L’Europe mène une difficile quête d’autonomie dans le secteur des semi-conducteurs

Semi-conducteurs (illustration) © .

L’installation prochaine en Allemagne d’une usine de semi-conducteurs du taïwanais TSMC, n°1 mondial, marque une victoire pour l’Europe, en quête de plus d’autonomie dans ce secteur crucial. Mais la production reste étroitement imbriquée entre Etats-Unis, Asie et Europe.

Quelle est la stratégie européenne ?

Elle participe à une course mondiale à l’autonomie. Lors de l’épidémie de Covid et du blocage des frontières, l’Europe a pris conscience de sa dépendance envers les puces fabriquées aux Etats-Unis et en Asie, en particulier pour son industrie automobile. D’où le “Chips Act” voté cette année et doté de 43 milliards de subventions, qui vise à porter la production de l’UE à 20% de la capacité mondiale d’ici 2030, donc quadrupler sa production actuelle.

Mais tous les pays ont abouti à la même conclusion. Les Etats-Unis ont adopté un “Chips Act” de 52 milliards de subventions. La Chine, également en recherche d’autonomie, veut investir des dizaines de milliards, alors que les Occidentaux bloquent désormais leurs ventes d’équipements avancés à Pékin. Qui, en riposte, veut limiter ses exportations de métaux rares.

Quelles sont les forces et faiblesses de l’Europe ?
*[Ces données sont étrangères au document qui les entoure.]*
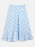 Ahalyaa Sky Blue Rayon Checked Kids Top With Skirts For Girls - 2-3Y
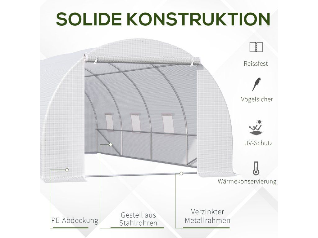Tento velký fóliový skleník nejenže nabízí vašim oblíbeným rostlinám dostatek prostoru pro růst a prospívání, ale také je chrání před nepříznivým počasím a ptáky. Skleník je odolný a vybaven mrazuvzdornou, odolnou proti roztržení a UV záření odolnou fólií. Lze jej v případě potřeby rychle sestavit a rozebrat. Je také vybaven okny pro regulaci proudění vzduchu a robustním kovovým rámem pro stabilitu.

“Cela dépend des catégories de composants”, expliquent à l’AFP Emilie Jolivet et Alexis Debray, experts du cabinet spécialisé Yole Group. “Les européens Bosch et Infineon Technologies (Allemagne) et STMicroelectronics (France/Italie) ont des capacités de production de capteurs et de composants de puissance (diodes, transistors…) mais les mémoires et les composants logiques, indispensables aux smartphones et à l’IA, sont surtout fabriqués en Asie et aux Etats-Unis”.

L’enjeu est aussi la finesse de gravure. Les composants les plus avancés, destinés aux smartphones ou à l’IA sont gravés à moins de 5 nanomètres. Les plus matures, comme ceux destinés à l’automobile, sont gravés à 16, 22 ou 28 nm, soulignent-ils. Avec les nouvelles usines récemment annoncées, l’Europe se renforce sur les deux tableaux. 

L’usine TSMC change-t-elle la donne ?

L’Europe attire depuis quelques années les géants mondiaux. L’américain Intel construit à Magdebourg (Allemagne) une giga-usine de plus de 30 milliards d’euros, largement aidée par Berlin, qui fabriquera des composants avancés. Intel a aussi accru ses capacités de production en Irlande.

L’usine TSMC, moins grande, est tout aussi stratégique, explique Alexis Debray. “TSMC y fabriquera des composants moins avancés, de 12 à 28 nm, mais qui serviront les constructeurs automobiles européens ou des industriels comme Siemens ou Schneider. La production sera de 40.000 wafers (plaquettes de silicium) par mois, soit 10% de la demande mondiale dans cette catégorie en 2028. Cela donnera à l’Europe davantage de poids pour récupérer la production packagée (mise en boîtier plastique) en Asie”, relève-t-il.

D’autant que le site de TSMC complète une série d’annonces ces derniers mois. STMicroelectronics prévoit, avec l’américain GlobalFoundries, une grande usine à Crolles (France). Bosch va investir 3 milliards d’euros pour accroître sa production de composants logiques et de capteurs, Infineon en a annoncé 5 milliards pour un nouveau site et l’américain Wolfspeed 2 milliards pour une usine de semi-conducteurs en plaques pour l’automobile, toujours en Allemagne. 

Cela peut-il rendre l’Europe autonome ?

“Impossible, aucun pays n’est autonome”, souligne Emilie Jolivet. “La fabrication d’une puce est complètement imbriquée entre plusieurs pays. Un wafer de silicium fabriqué en Europe, aux Etats-Unis ou en Asie doit être envoyé à Taïwan, en Chine ou en Malaisie pour le découpage et le packaging. Les Etats-Unis possèdent des géants de la conception et du design, comme Nvidia ou AMD. L’Europe abrite le leader mondial des équipements de gravure, le néerlandais ASML, mais très peu d’usines de packaging”. Le +Chips Act+ de l’UE prévoit d’ailleurs de renforcer ce secteur, où Intel va investir en Pologne.

“Mais sur les composants de mémoire nécessaires aux data centers et aux smartphones, nous sommes sur un jeu mondial coréen, japonais et américain, avec une domination de la Corée grâce à Samsung”.

“En conclusion, le +Chips Act+ européen ne sera pas suffisant mais donnera à l’Europe un peu plus de poids dans la balance”, conclut Emilie Jolivet.